## [Data records]
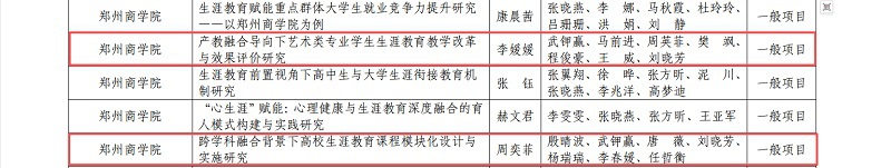 近日,郑州市教育局公布《关于公布2025年度郑州地方高校生涯教育教学改革研究与实践项目立项结果的通知》(郑教高函〔2025〕321号),我院专任教师李媛媛团队、周奕菲团队主持的2项课题双双获批立项,实现了教学科研与思政育人在生涯教育领域的协同突破。
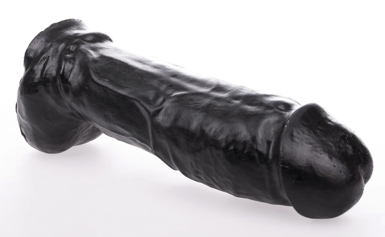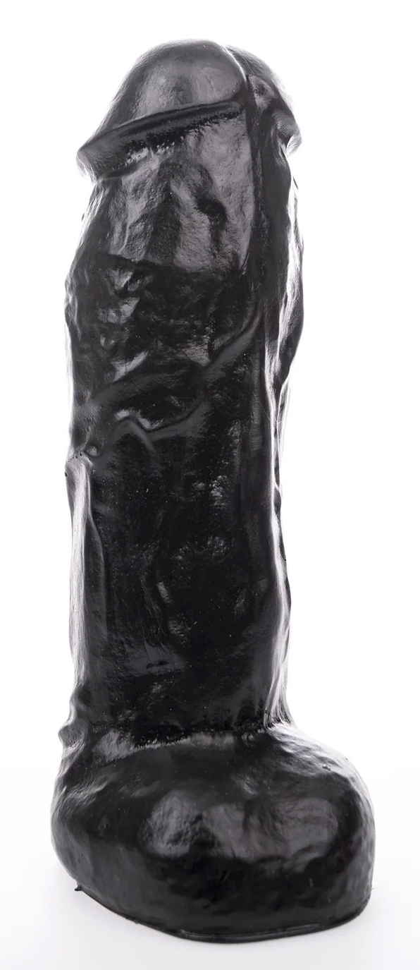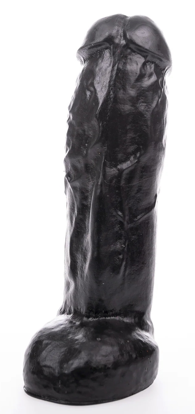 Gode noir avec un gland décalotté et surface texturée. Longueur insérable de 17 cm. Largeur maximale est de 6 cm Base ventouse amovible En PVC noir
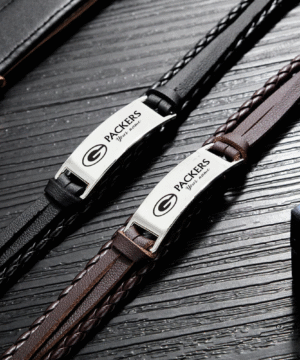 Be the first to review “Green Bay Packers NFL Personalized Leather Bracelet – Black Braided Strap with Stainless Steel Engraving Plate”
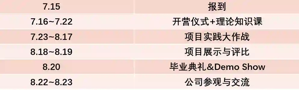 训练营时间为 2019 年 7 月 15 日-8 月 23 日,共 5 周,流程安排如下:
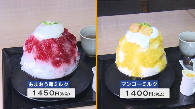 かき氷は5種類でパティシエ経験者がレシピを考案。「ショコラミルク」や「きな粉キャラメル」など、洋菓子のような味もある中で、2大人気は「あまおう苺ミルク」と「マンゴーミルク」です。
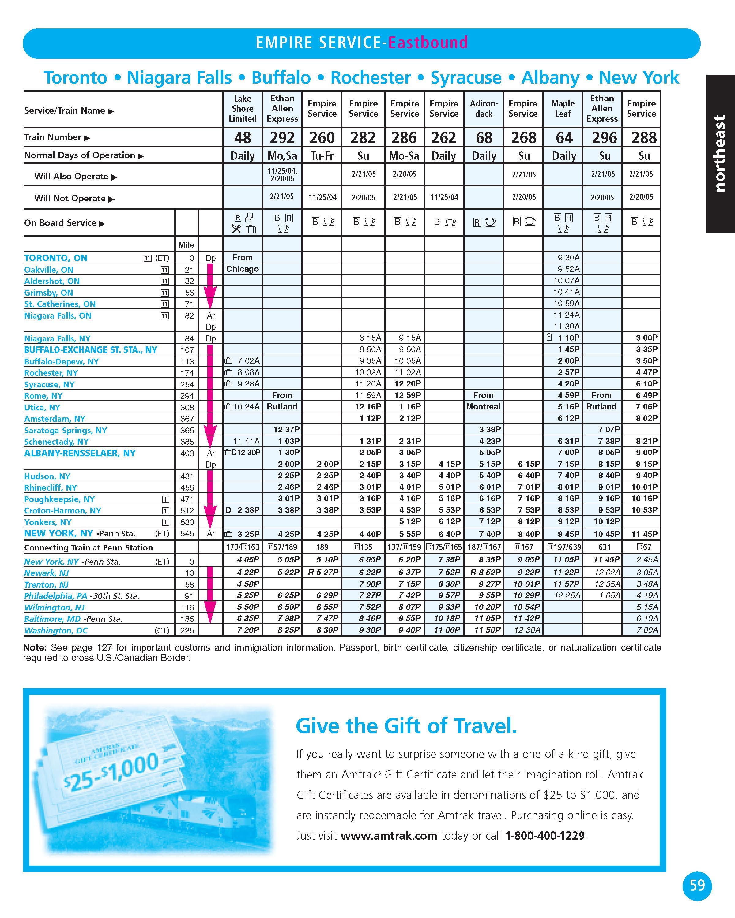 This timetable image is ©2004 National Railroad Passenger Corporation (Amtrak).
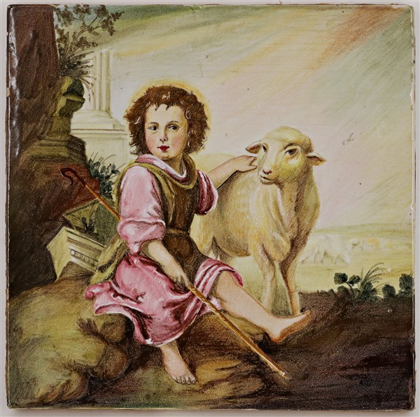 Manifattura Fiumi, Faenza ''Gesù Bambino con agnello'', piastrella in ceramica
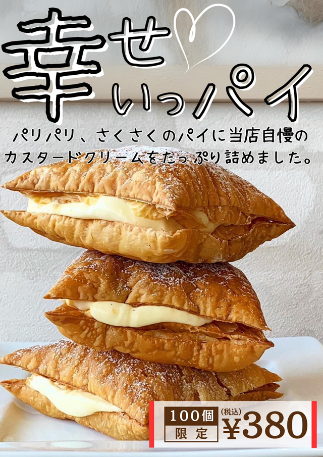 そして毎回大人気の「しあわせいっパイ」はサクサクのパイ生地で包まれ、一口食べれば口の中に広がるカスタードが幸せな味わいをもたらしてくれ、食べた人を感動させる絶品スイーツです。

## [What the exercise asks]
Return the material exactly as given above, picture-free.

## [Response for this exercise]
 近日,郑州市教育局公布《关于公布2025年度郑州地方高校生涯教育教学改革研究与实践项目立项结果的通知》(郑教高函〔2025〕321号),我院专任教师李媛媛团队、周奕菲团队主持的2项课题双双获批立项,实现了教学科研与思政育人在生涯教育领域的协同突破。
 Gode noir avec un gland décalotté et surface texturée. Longueur insérable de 17 cm. Largeur maximale est de 6 cm Base ventouse amovible En PVC noir
 Be the first to review “Green Bay Packers NFL Personalized Leather Bracelet – Black Braided Strap with Stainless Steel Engraving Plate”
 训练营时间为 2019 年 7 月 15 日-8 月 23 日,共 5 周,流程安排如下:
 かき氷は5種類でパティシエ経験者がレシピを考案。「ショコラミルク」や「きな粉キャラメル」など、洋菓子のような味もある中で、2大人気は「あまおう苺ミルク」と「マンゴーミルク」です。
 This timetable image is ©2004 National Railroad Passenger Corporation (Amtrak).
 Manifattura Fiumi, Faenza ''Gesù Bambino con agnello'', piastrella in ceramica
 そして毎回大人気の「しあわせいっパイ」はサクサクのパイ生地で包まれ、一口食べれば口の中に広がるカスタードが幸せな味わいをもたらしてくれ、食べた人を感動させる絶品スイーツです。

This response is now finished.